The three-character code of ‘ACF’ (based on the aforementioned name of Antillean French Creole) was bestowed upon the Saint Lucian Kwéyòl by SIL International (formerly known as the Summer Institute of Linguistics); this was done in conjunction with the ISO (International Organization for Standardization) (SIL, 2021). The SIL has had an extensive relationship with Saint Lucia and the study of this language. The SIL worked with the Saint Lucian government to publish one of few official dictionaries for the language and used this to aid with the translation of the Christian Bible. Representatives of SIL also aided with the cataloging and publishing of other literary works (such as folktales) and assisted with the promotion of the language’s written form via creative writing workshops. David Frank was one of the main contributors to this effort, and his works provide useful insight from a formal linguistic perspective.

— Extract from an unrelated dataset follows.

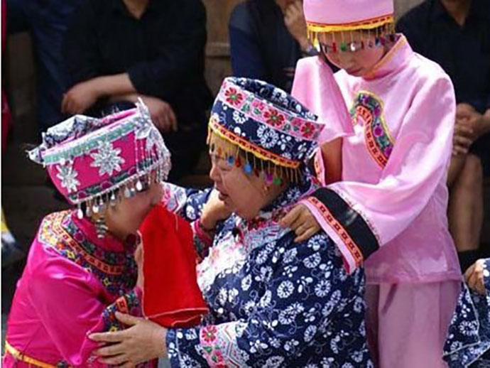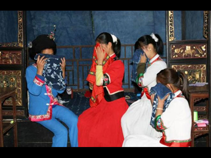 ภาพหมายเลข 5.1, 5.2 พิธีงานแต่งของชนเผ่าน้อยถูเจีย ประเทศจีนเจ้าสาวต้องร้องไห้วันละ 1 ชั่วโมงติดต่อกันเป็นเวลา 10 วัน ซึ่งวันต่อมาแม่เจ้าสาวจะร้องด้วย ตามด้วยยาย จนวันสุดท้ายก่อนแต่งผู้หญิงทุกคนในครอบครัวจะร้องด้วย ถือเป็นการแสดงความสุขร่วมกัน ว่ากันว่าเมื่อผู้หญิงหลายคนมาร้องไห้รวมกันด้วยโทนเสียงที่แตกต่างนั้นฟังแล้วไพเราะ เหมือนได้ฟังเพลง ขอขอบคุณที่มา thetravel.com

And yet, despite SIL’s recognition of this language’s uniqueness (including their Saint Lucian Kwéyòl is not the sole user of the ACF language code. Since some believe that Saint Lucian Kwéyòl shares a high degree of mutual intelligibility with the creole from the island of Dominica, they are grouped together; thus being recognized as Antillean Creole (French) - ACF. Neither language is recognized by most modern language detection and translation tools.

Despite the existence of a language code from SIL, ACF is yet to be included in the Library of Congress’ ‘Codes for the Representation of Names of Languages’ (of Congress, 2013). Overall, while Saint Lucian Kwéyòl is believed to be a living language, there is no definitive quantifiable modern study to confirm if the language is still spoken among the majority of the island’s inhabitants or spoken among the youth as a first language (SIL, 2021). One could deduce that this lack of quantifiable information may negatively impact modern organizations’ and institutions’ motivation to include such a language in their offerings.

In 2007, David Frank explored the ‘Sources of St. Lucian Creole Vocabulary’ (Frank, 2007). He attempted to quantify the etymological composition of the language, however was unable to identify the origin of all of the vocabulary he encountered. It should be noted that Frank did include a few annotations of his attempts at addressing the issues with a vocabulary list of items of unknown origins. He suggested that some of these could indeed have a French source, but that he could not provide a precise French form that adequately matched up with the Kwéyòl equivalent (Frank, 2007). While not all words of this list would have links to the French language, ‘ankléwant’, ‘finisman’, ‘hayisans’, and ‘kléwé’, were noted as possibly having French sources. Thus the existing hypothesis is that most of the unknown words may have French sources that are yet to be revealed.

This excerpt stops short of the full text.